5. The process according to claim 3, wherein the auxiliary working fluid re-joins the main working fluid in the main recuperator.

6. The process according to claim 1, wherein the main working fluid and the auxiliary working fluid are fluidly separated; wherein the plant comprises a heat exchanger; wherein the main working fluid and the auxiliary working fluid are thermally coupled in the heat exchanger.

7. The process according to claim 6, wherein the auxiliary working fluid is different from the main working fluid.

8. The process according to claim 7, wherein the auxiliary working fluid is an organic fluid, preferably selected from the group comprising: cyclopentane, isopentane, isohexane, hexane, pentane, R245fa, R1234yf.

9. The process according to claim 1, wherein the main working fluid selected from the perfluorinated compounds comprises: Perfluoro-2-methylpentane/Perfluoro-i-hexane (Flutectm PP1), Perfluoro-methylcyclohexane (PP2), Perfluoro-1,3-dimethylcyclohexane (PP3), hexafluorobenzene.

10. A cascade plant for the production of power from variable temperature heat sources, comprising: a main circuit comprising: a boiler operatively coupled to a variable temperature heat source; a main expander; a main recuperator; a main condenser; a main pump; main pipes connecting each other the boiler, the main expander, the main recuperator, the main condenser and the main pump; a main working fluid selected from the perfluorinated compounds and flowing in the main circuit so as to implement a supercritical organic Rankine cycle; at least one auxiliary circuit thermally coupled to the main circuit and comprising an auxiliary expander; wherein an auxiliary working fluid enters the auxiliary expander after exchanging heat with the main working fluid exiting the main expander.

11. The plant according to claim 10, wherein the auxiliary circuit is a branch of the main circuit and the auxiliary working fluid is the main working fluid; wherein the plant further comprises a second recuperator located on the main circuit and downstream of the main expander and placed on the auxiliary circuit and upstream of the auxiliary expander; the heat between the main working fluid and the auxiliary working fluid being exchanged in the second recuperator.

12. Plant The plant according to claim 11, wherein the auxiliary circuit branches from the main circuit at a point located between the main recuperator and the boiler and re-joins the main circuit in the main recuperator.

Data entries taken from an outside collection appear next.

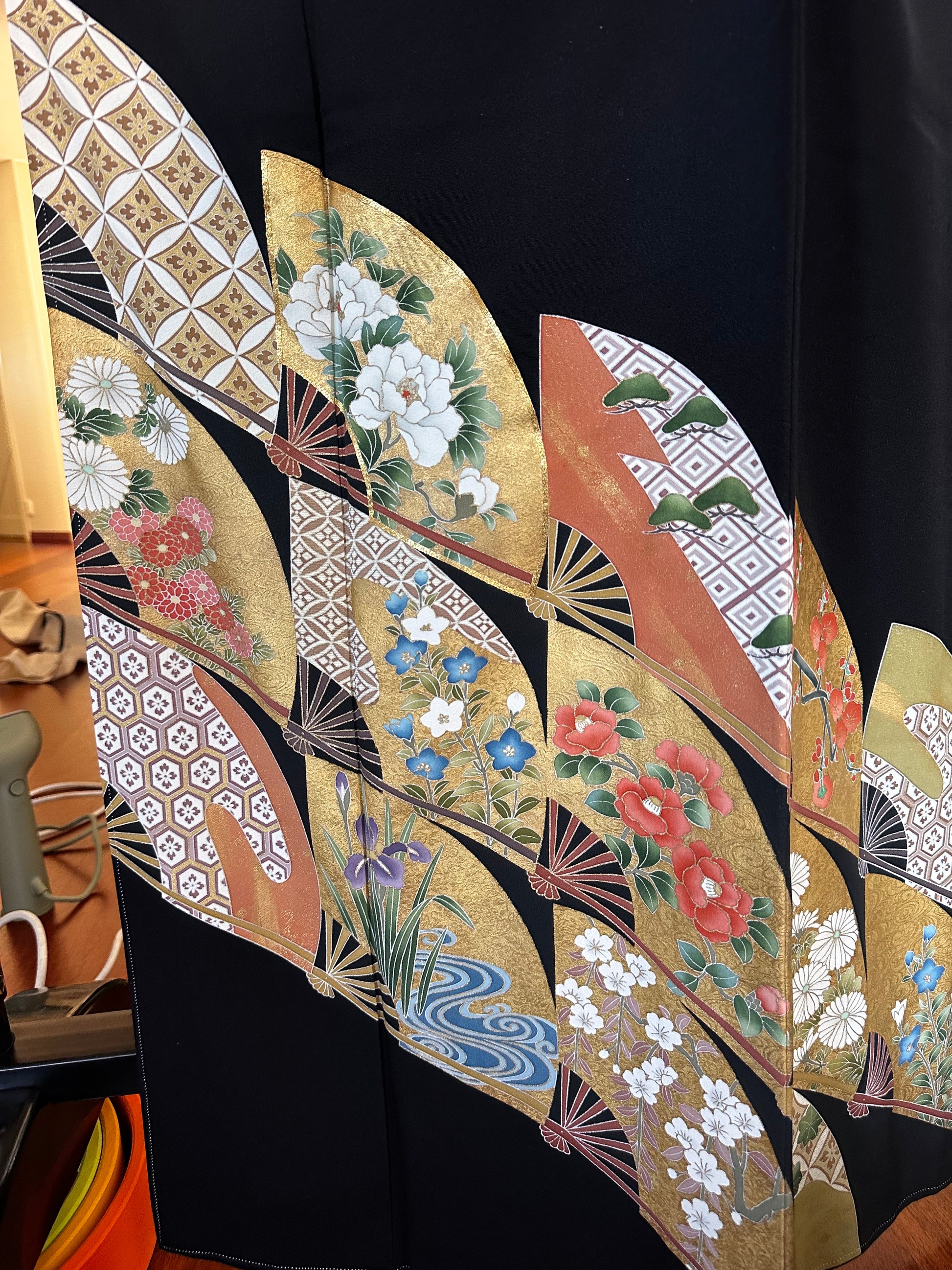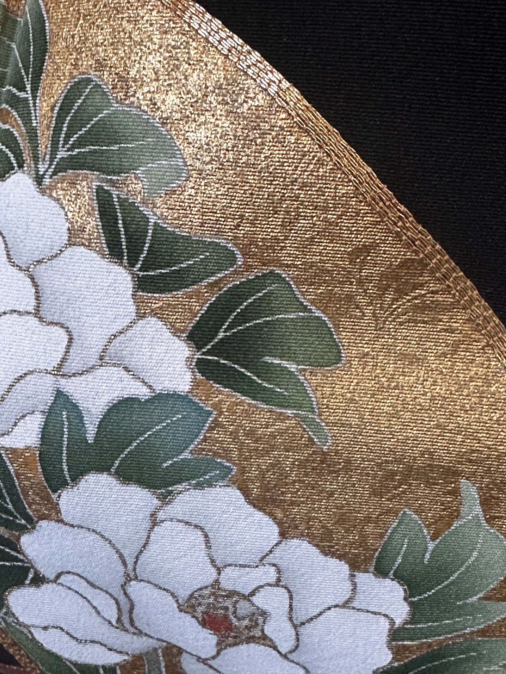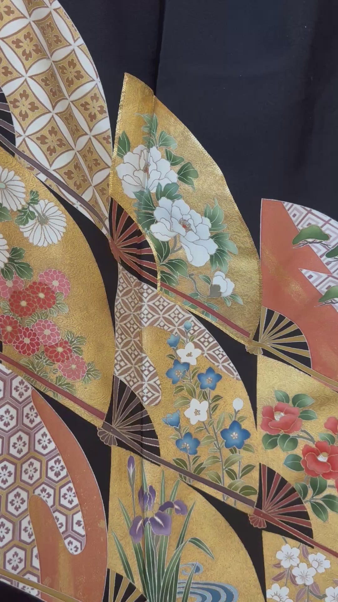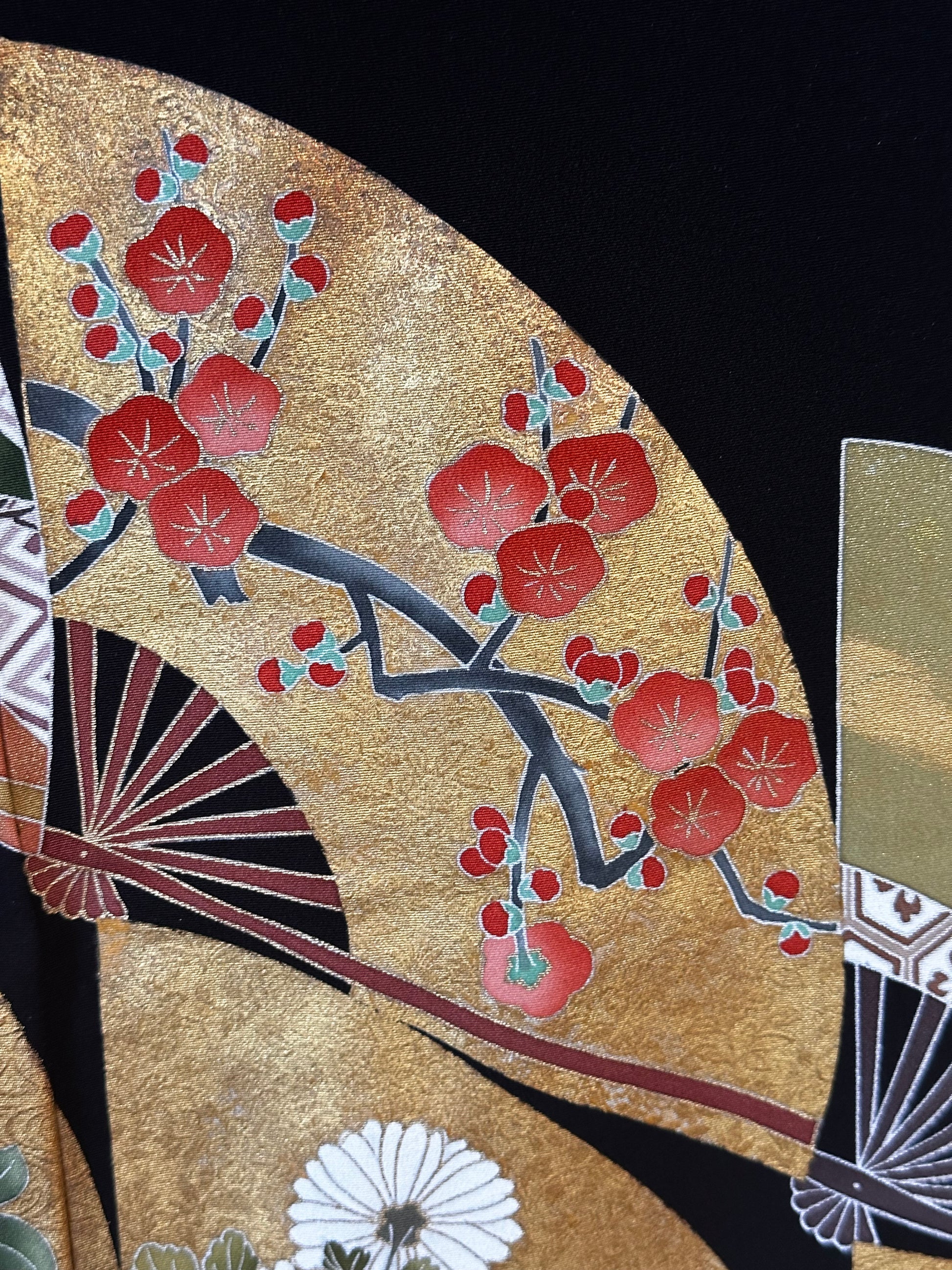Fabric: Made of rich silk, the kimono features hand-dyed yuzen artwork highlighted by touches of gold metallic thread embroidery and delicate gold accents throughout. The fans appear almost weightless against the deep black background, each one like a miniature painting of floral splendor.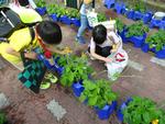 1年生が生活科で育てているアサガオが、だいぶ大きくなりました。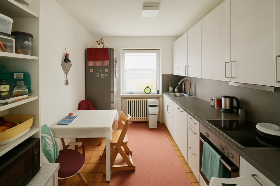 Zusätzlich stehen den Bewohnern ein Fahrradkeller, ein Waschraum sowie eine gemeinschaftliche Gartenfläche mit Sandkasten zur Verfügung. Die Hausgemeinschaft gilt als angenehm und eher jung, was für ein lebendiges und gepflegtes Umfeld sorgt. Für die Zukunft ist zudem die Sanierung der Tiefgarage mit elektrischem Tor und Öffner geplant.
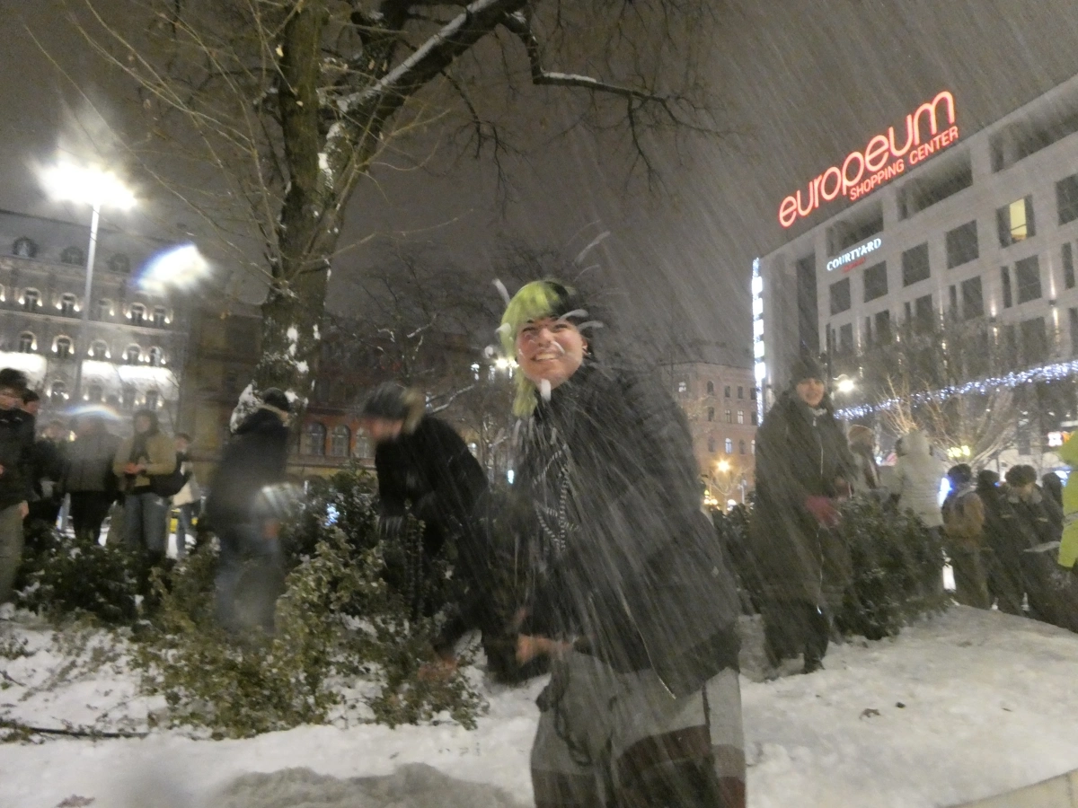 Óriási közösségi hócsata indult péntek este a Balaha Lujza téren, amibe mi is belecsöppentünk. Mindenki lelkesen gyúrta, dobta, hajította a hógombócokat, és akkora fergeteges buli hangulat kerekedett seperc alatt a főváros szívcsakrájában, hogy hó havon nem maradt.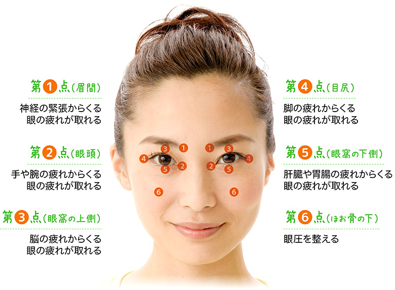 私たちは神経を集中させて何かを見ようとするとき、眉間に力が入って縦ジワが寄りがちですが、こうした過緊張した眼の疲れには、第1点がお勧めです。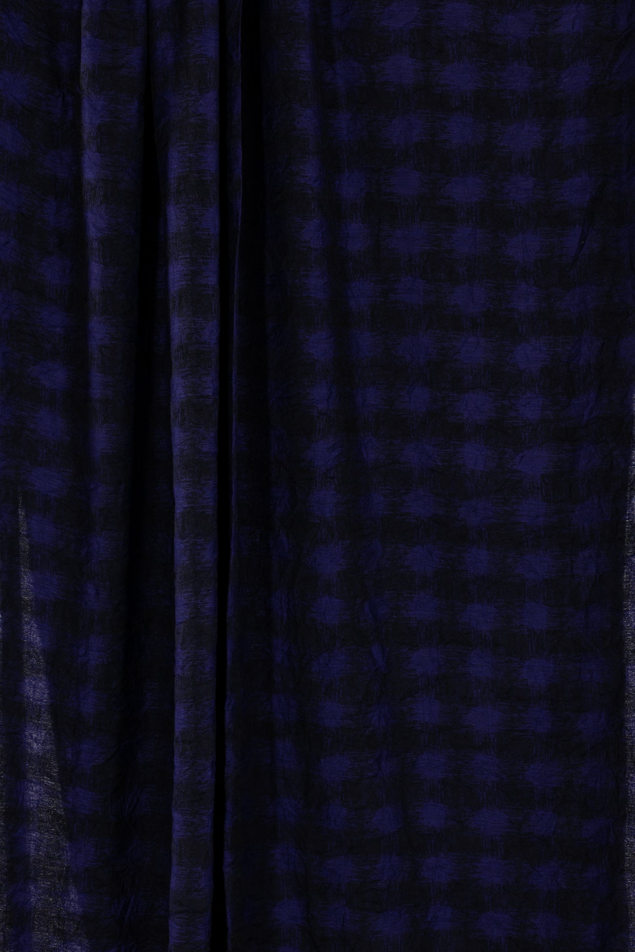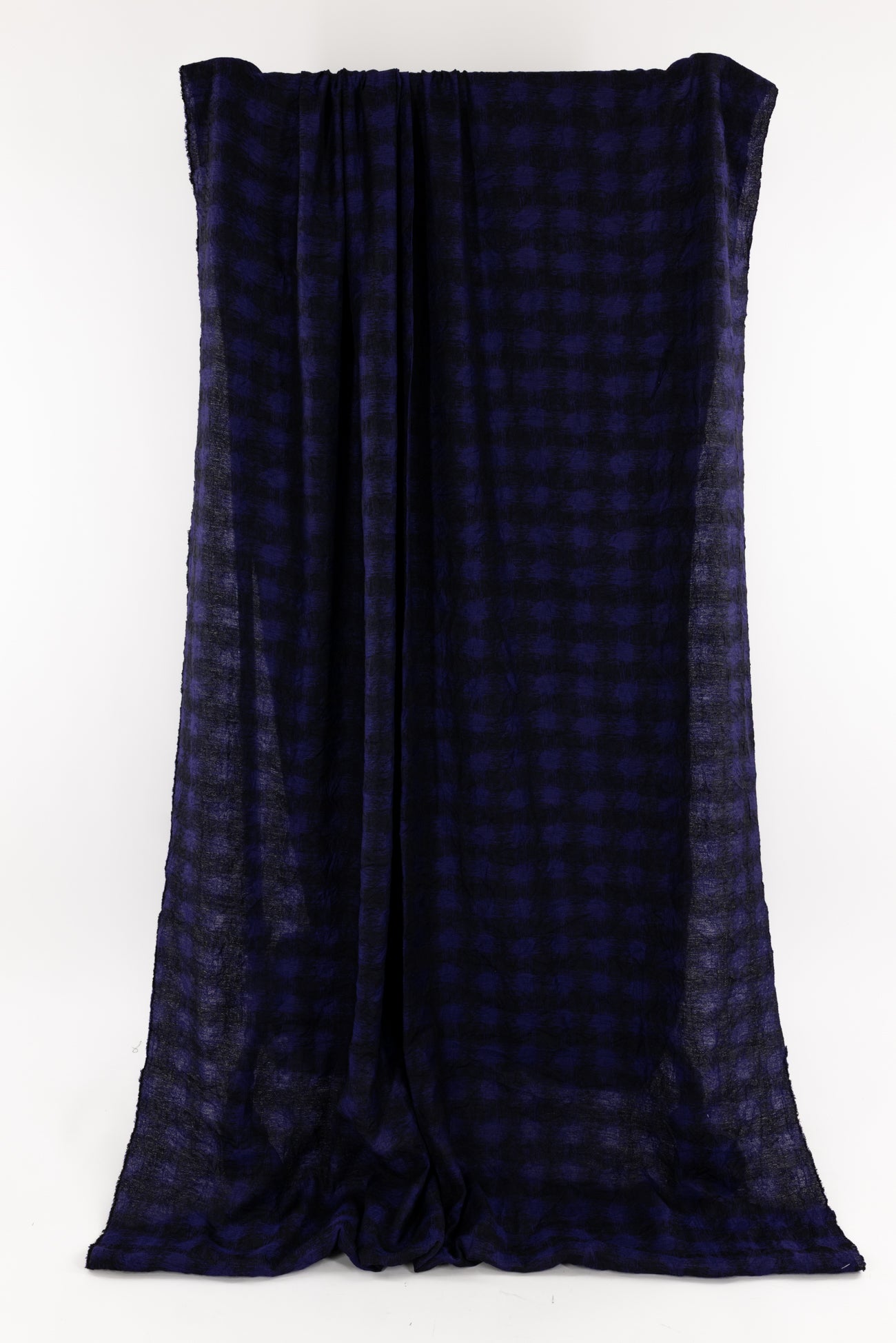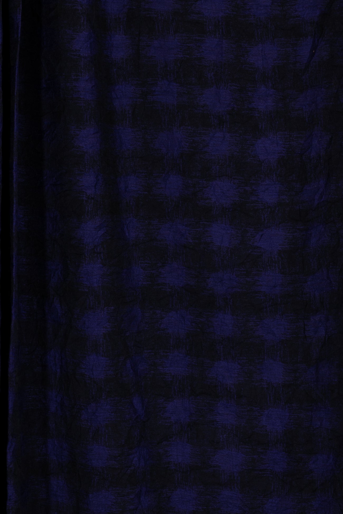 Deep purple and black textured jacquard double weave has woven in allover black 1" dots, deadstock from Chalet et Ceci. Lightweight, opaque, with a textured hand, smooth on the back side, lightly airy crisp drape. Right for a jacket, vest, dress, skirt, tunic, kimono, caftan. Very cool and unusual. Limited quantity.

13. The plant according to claim 11, wherein the main expander and the auxiliary expander are integrated in a single radial outflow turbine comprising a single rotor disc provided with a front face and a rear face; wherein ring-shaped arrays of blades are arranged concentrically on the front face to define a first radial path for the working fluid and ring-shaped arrays of blades are arranged concentrically on the rear face to define a second radial path for the working fluid; wherein the main expander is defined by the first radial path and the auxiliary expander is defined by the second radial path.

14. The plant according to claim 10, wherein the auxiliary circuit is fluidly separated from the main circuit; wherein the plant comprises a heat exchanger; wherein the main circuit and the auxiliary circuit are thermally coupled in the heat exchanger.

15. The plant according to claim 14, wherein the auxiliary circuit comprises: an auxiliary recuperator; an auxiliary condenser; an auxiliary pump; auxiliary pipes connecting each other the auxiliary expander, the auxiliary recuperator, the auxiliary condenser and the auxiliary pump; wherein the heat exchanger is placed on the main circuit between the main expander and the main recuperator and is placed on the auxiliary circuit between the auxiliary recuperator and the auxiliary expander.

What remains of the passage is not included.